December 4, 2022

Britain’s Gamble on Tax Cuts has Economists Warning of Past Mistakes

Ms. Truss has been cheered on by conservative champions of supply-side economics in the United States, including many of the chief backers of Mr. Trump’s tax cuts. Stephen Moore, who served as an outside economic adviser to the former president, praised Ms. Truss for her willingness “to challenge the reigning orthodoxy by sharply cutting taxes to boost growth,” calling the package “a gutsy and sound policy decision.”

“By far the most important change is the reduction in the top income tax rate from 45 percent to 40 percent,” Mr. Moore wrote. “This will bring jobs, capital and businesses back to the U.K.”
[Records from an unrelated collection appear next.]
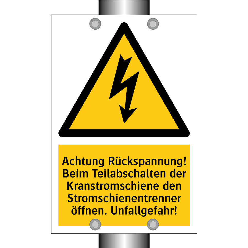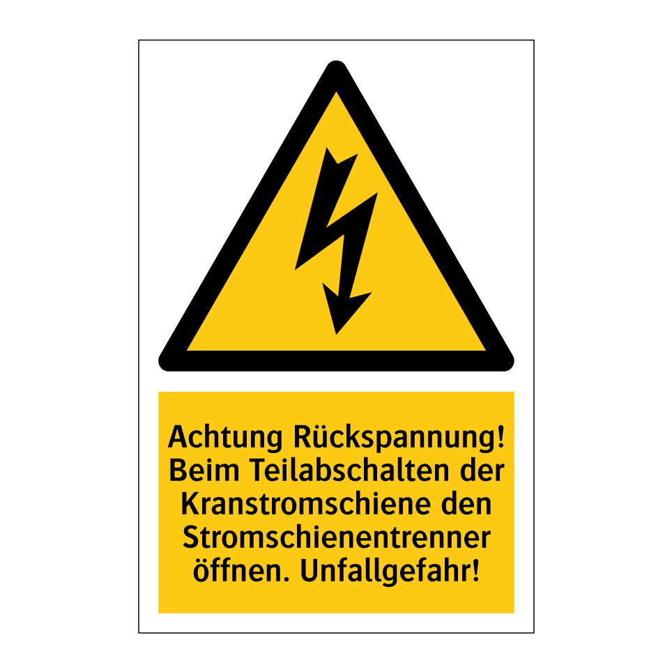 Warnschild mit dem Text Achtung Rückspannung! Beim Teilabschalten der Kranstromschiene den Stromschienentrenner öffnen. Unfallgefahr!
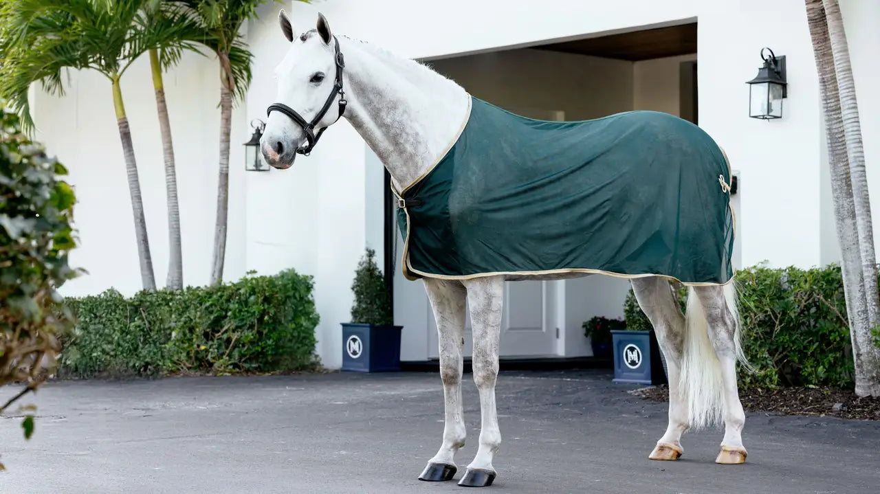 A smart, lightweight mesh dress cooler that's ideal for use at competitions, shows and events. Created in classic colours with smart contrast binding and a traditional braided cord hip ornament, it elevates your look to elite level.
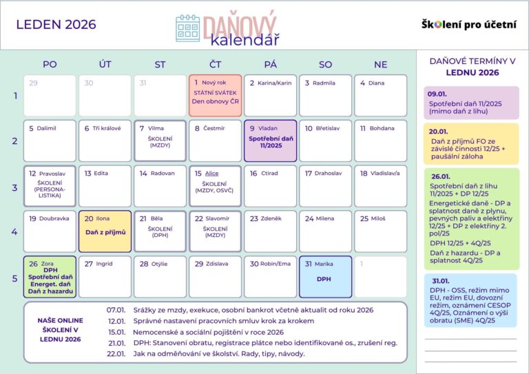 V roce 2026 nás (zejména účetní) čeká plno důležitých termínů. Pokud máte na starosti daňové povinnosti, tak pro Vás máme malý dárek.

A host of critics, though, have lined up to denounce the tax package, warning it will provoke economic war with the Bank of England and risk a damaging combination of economic contraction and soaring prices, which could in turn hurt the global recovery.
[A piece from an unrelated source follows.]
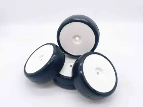 We are pleased to announce that we have developed a 1/10 touring car tire with a well-known Asian manufacturer. This tire is glued to white closed wheels with high-quality inlays.
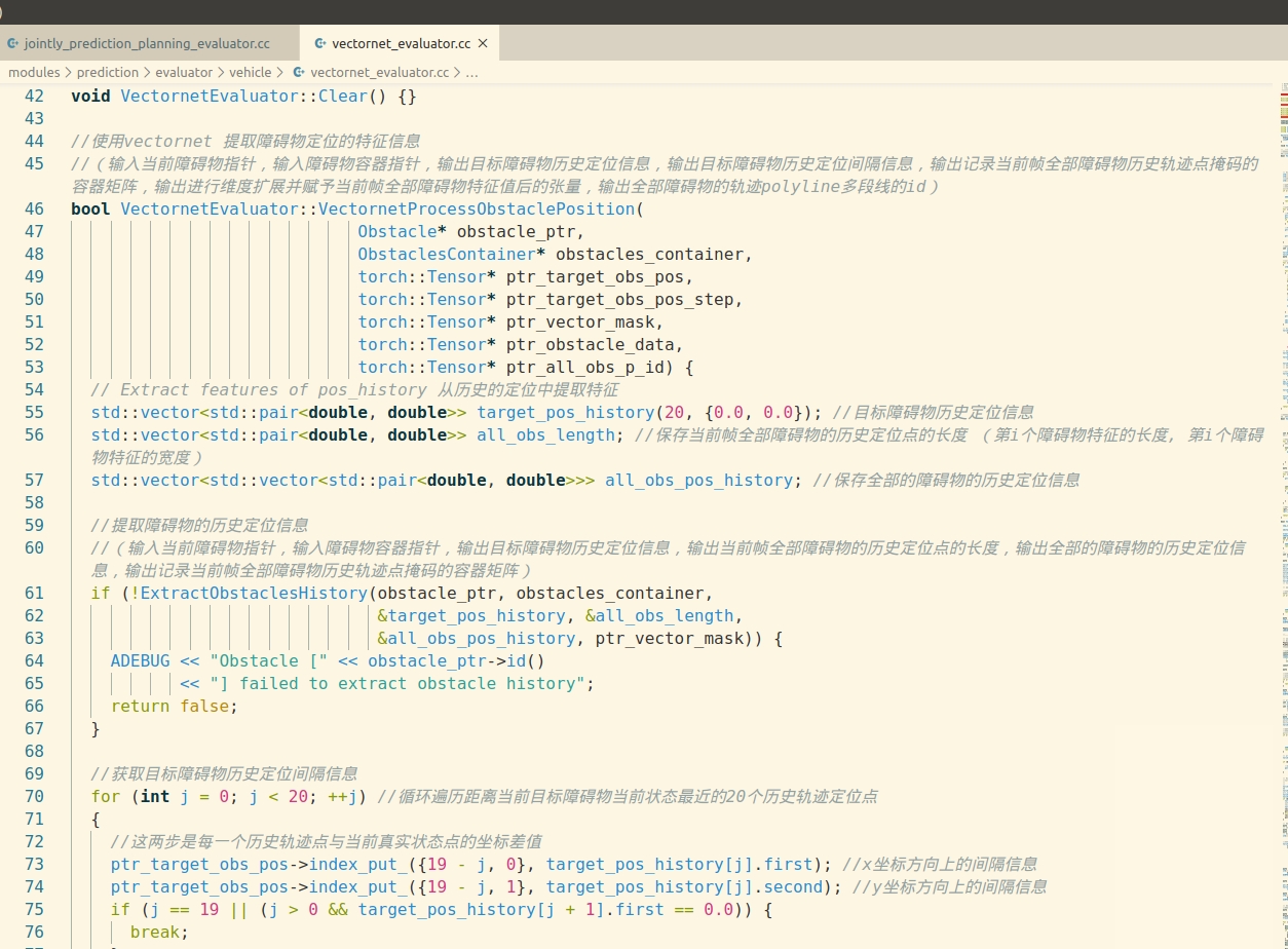 先看VECTORNETEVALUATOR这个新来的狠角色。老规矩直接扒代码,它的核心在vectornet.cc里那个GraphFeatureBuilder类。注意看这段:

The impact of previous tax cuts, including those signed into law by Mr. Trump in 2017, provides fodder for those critiques.

Much as Ms. Truss has proposed to do, Mr. Trump reduced tax rates for income earners across the spectrum, including those in the highest bracket. He also cut a variety of business tax rates — a contrast with the British plan, which cancels a planned increase in corporate taxes. Mr. Trump said his full package of cuts would jump-start economic activity by encouraging businesses to invest, hire and raise wages.

Yet initial evidence, which includes studies from I.M.F. economists, suggests Mr. Trump’s cuts did not deliver the steep gains in investment and productivity that conservatives had promised. If such gains came to pass in Britain, they could help counter inflation there.

Instead, the cuts increased consumer spending, an outcome that helped temporarily expand growth in the United States, the I.M.F. found, but which could be dangerous in a high-inflation environment.